• _Data provided_
+---+

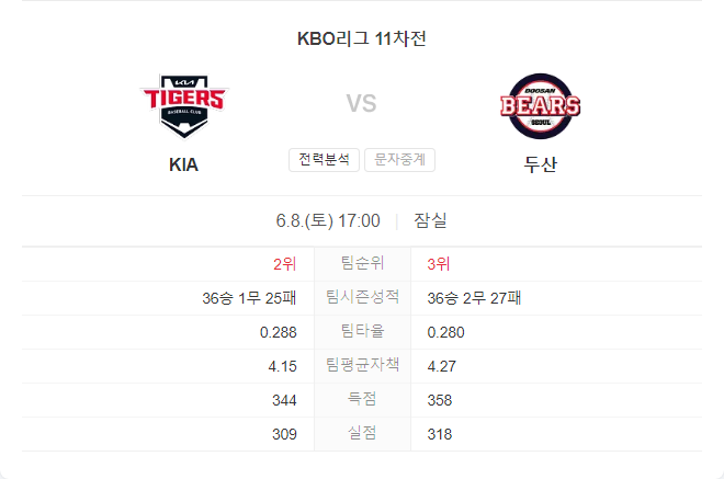 | 6월 7일 KBO 프로야구 기아 타이거즈 VS 두산 베어스 타카짱의 경기 예측 분석 (0) | 2024.06.07 |
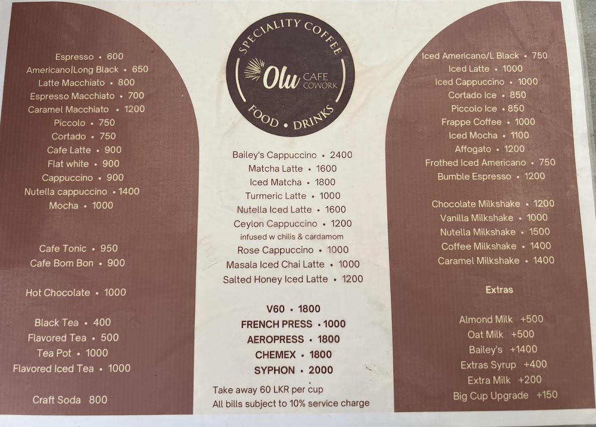 Welcome to OLU Garden Cafe, a serene retreat nestled in Unawatuna, Sri Lanka, just moments from the beach at 159 Devala Rd. This charming cafe is a haven for coffee aficionados and casual diners alike. With a focus on exceptional specialty coffee, many patrons rave about the skilled brewing techniques, from aromatic pour-overs to rich lattes. The warm and welcoming staff ensure a delightful experience, offering both service and engaging conversation.
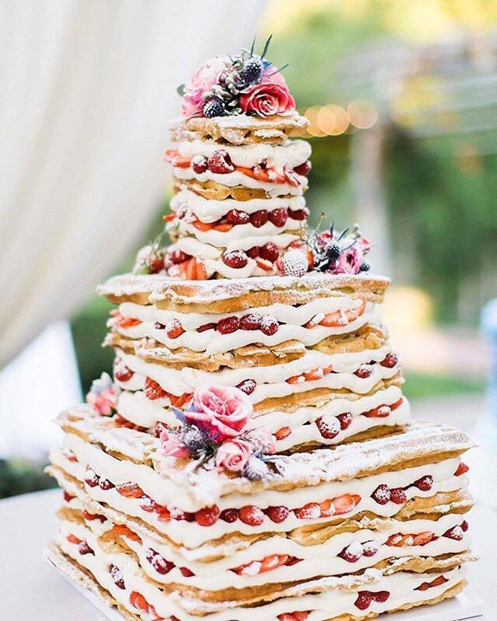 If you and your partner love brunch, then this is the perfect wedding cake for you! Waffles are super easy to stack and always delicious no matter what toppings you choose.

+---+

Line for line, restate the data above and omit every picture.

• _Completed task_
 | 6월 7일 KBO 프로야구 기아 타이거즈 VS 두산 베어스 타카짱의 경기 예측 분석 (0) | 2024.06.07 |
 Welcome to OLU Garden Cafe, a serene retreat nestled in Unawatuna, Sri Lanka, just moments from the beach at 159 Devala Rd. This charming cafe is a haven for coffee aficionados and casual diners alike. With a focus on exceptional specialty coffee, many patrons rave about the skilled brewing techniques, from aromatic pour-overs to rich lattes. The warm and welcoming staff ensure a delightful experience, offering both service and engaging conversation.
 If you and your partner love brunch, then this is the perfect wedding cake for you! Waffles are super easy to stack and always delicious no matter what toppings you choose.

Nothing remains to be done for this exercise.